The data:
========================================

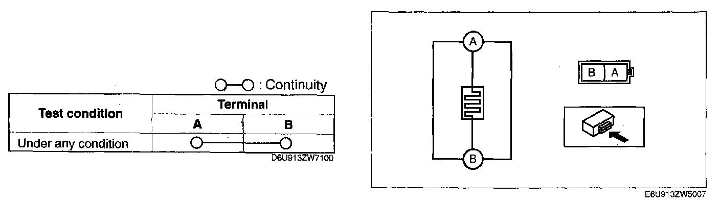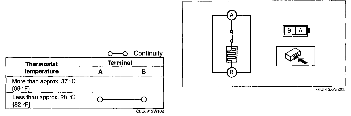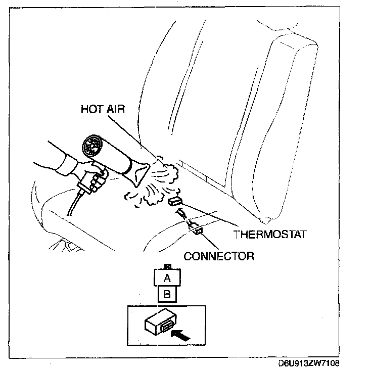 3. While inspecting for continuity between connector terminals A and B, use a dryer the thermostat of the seat warmer unit cushion.
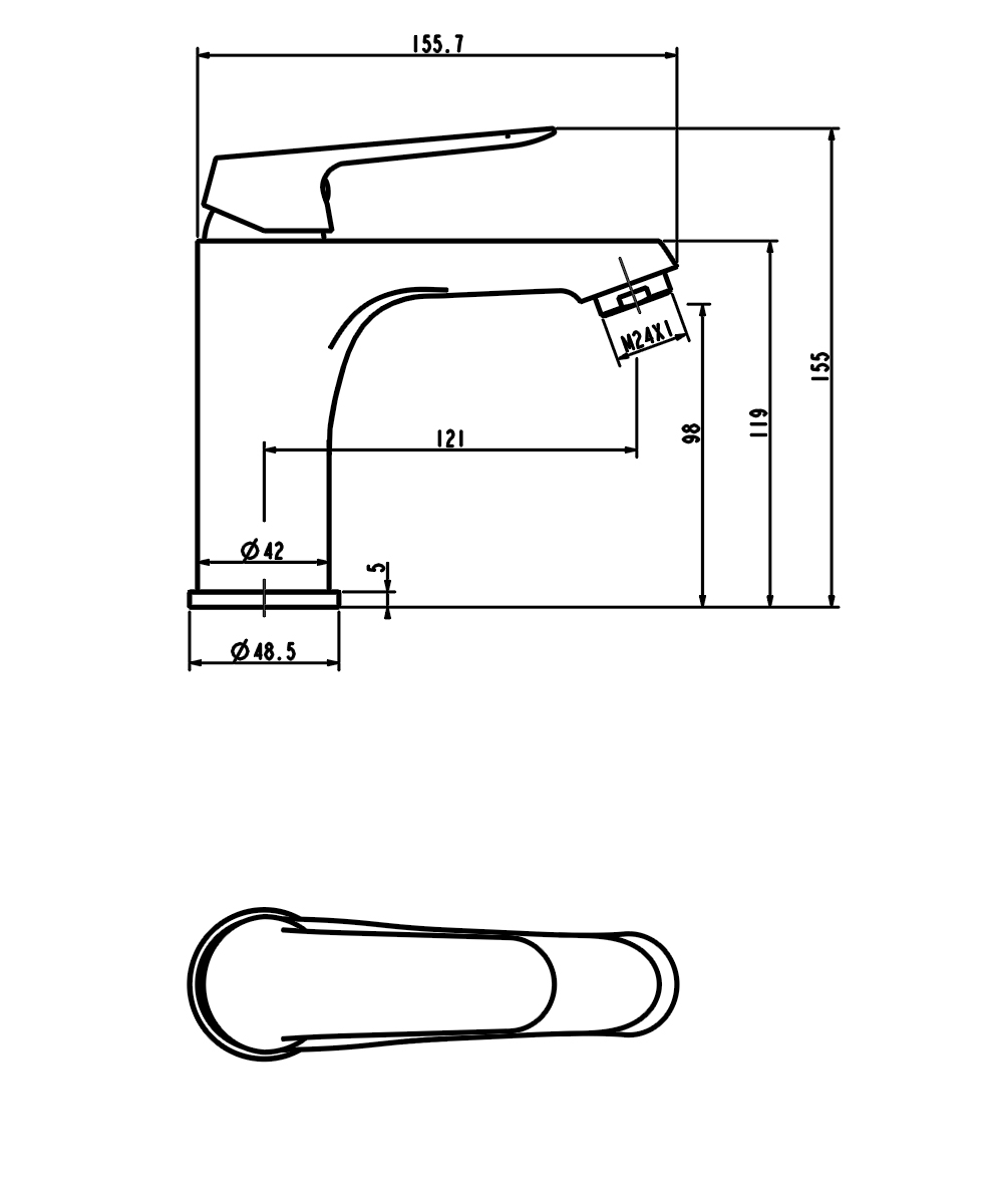 Μπαταρία νιπτήρος της σειράς Dream, μονής λαβής, αναμεικτική με σπιράλ σύνδεσης και αυτόματη βαλβίδα
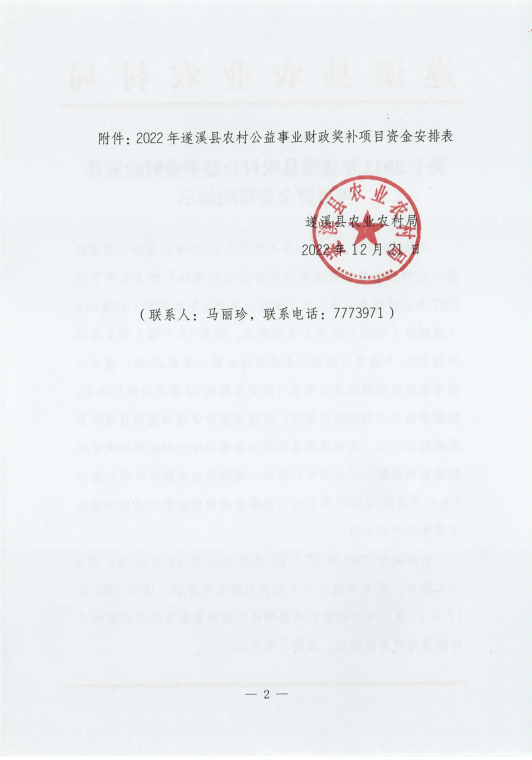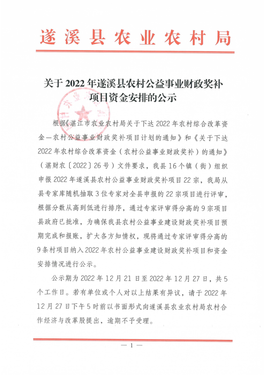 关于2022年遂溪县农村公益事业财政奖补项目资金安排的公示

========================================

Task requirements: Give back an exact copy of the material above, omitting the pictures.

Reply to the exercise:
 3. While inspecting for continuity between connector terminals A and B, use a dryer the thermostat of the seat warmer unit cushion.
 Μπαταρία νιπτήρος της σειράς Dream, μονής λαβής, αναμεικτική με σπιράλ σύνδεσης και αυτόματη βαλβίδα
 关于2022年遂溪县农村公益事业财政奖补项目资金安排的公示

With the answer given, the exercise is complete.